Reduction of fibroblast size/mechanical force down-regulates TGF-β type II receptor: implications for human skin aging

Abstract

The structural integrity of human skin is largely dependent on the quality of the dermal extracellular matrix (ECM), which is produced, organized, and maintained by dermal fibroblasts. Normally, fibroblasts attach to the ECM and thereby achieve stretched, elongated morphology. A prominent characteristic of dermal fibroblasts in aged skin is reduced size, with decreased elongation and a more rounded, collapsed morphology. Here, we show that reduced size of fibroblasts in mechanically unrestrained three-dimensional collagen lattices coincides with reduced mechanical force, measured by atomic force microscopy. Reduced size/mechanical force specifically down-regulates TGF-β type II receptor (TβRII) and thus impairs TGF-β/Smad signaling pathway. Both TβRII mRNA and protein were decreased, resulting in 90% loss of TGF-β binding to fibroblasts. Down-regulation of TβRII was associated with significantly decreased phosphorylation, DNA-binding, and transcriptional activity of its key downstream effector Smad3 and reduced expression of Smad3-regulated essential ECM components type I collagen, fibronectin, and connective tissue growth factor (CTGF/CCN2). Restoration of TβRII significantly increased TGF-β induction of Smad3 phosphorylation and stimulated expression of ECM components. Reduced expression of TβRII and ECM components in response to reduced fibroblast size/mechanical force was fully reversed by restoring size/mechanical force. Reduced fibroblast size was associated with reduced expression of TβRII and diminished ECM production, in aged human skin. Taken together, these data reveal a novel mechanism that provides a molecular basis for loss of dermal ECM, with concomitant increased fragility, which is a prominent feature of human skin aging.

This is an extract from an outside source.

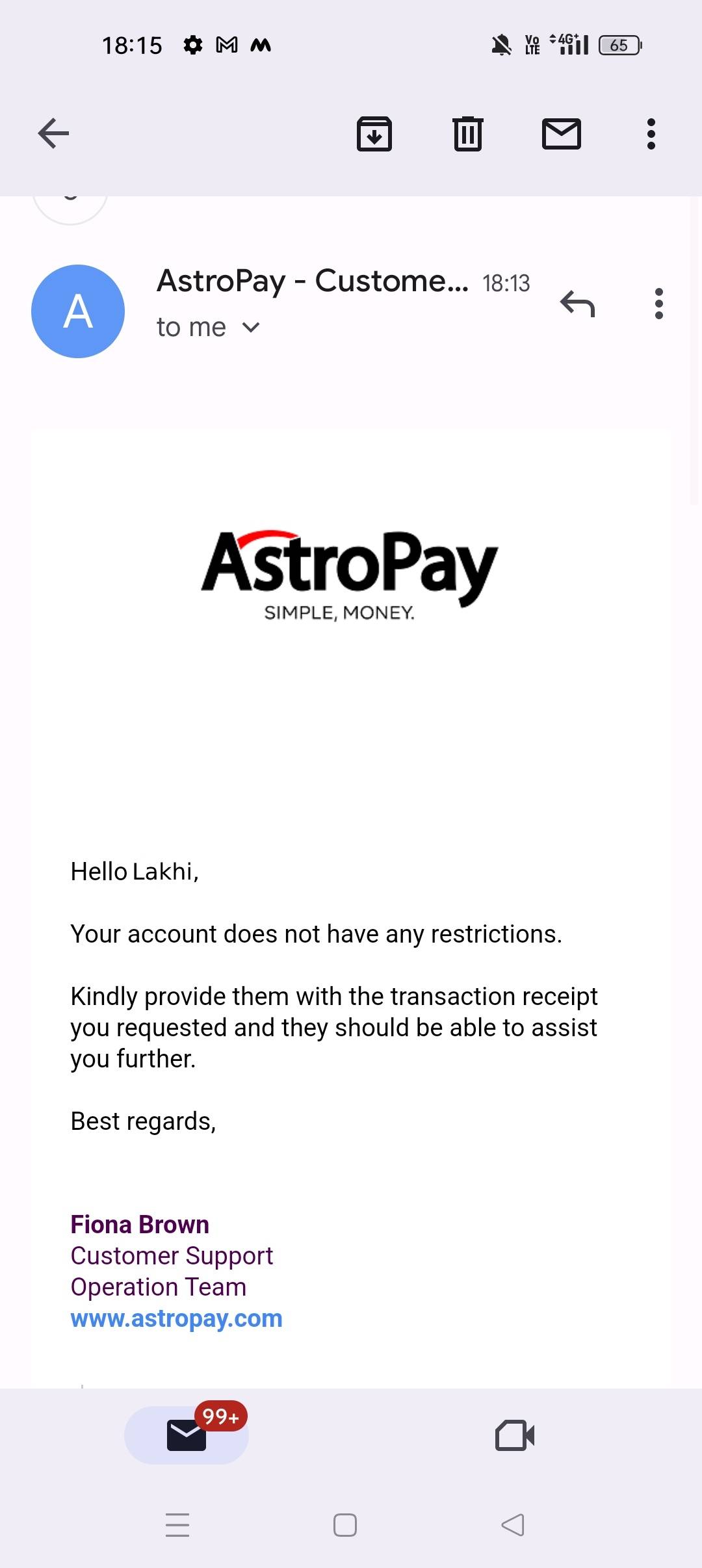 Now on 27 they say it's not our issue it's my astropay issue but i recvied from others casino also n astropay also confirm it there is no issue please check out my documents i submitted

Keywords: TGF-β type II receptor, TGF-β/Smad; aging; cell size; extracellular matrix; mechanotransduction.

Figure 1

Dermal fibroblasts cultured in unconstrained collagen lattices display reduced size and mechanical force. (A) Dermal fibroblasts were cultured in mechanically constrained (upper left) or unconstrained (upper right) 3D type I collagen lattices. Cells were stained dye with CellTracker fluorescent, and nuclei were stained blue with DAPI (middle panels). Cellular actin filaments were stained red with phalloidin (lower panel) N = 8. (B) Relative cell surface areas were quantified by computerized image analysis (image‐pro plus software, version 4.1, Media Cybernetics, MD). Means ± SEM. N = 8, *P < 0.05. (C) traction forces, (D) tensile strength, and (E) deformation were determined by AFM PeakForce^™ Quantitative NanoMechanics mode and nanoscope analysis software. Means ± SEM. N = 8, *P < 0.05.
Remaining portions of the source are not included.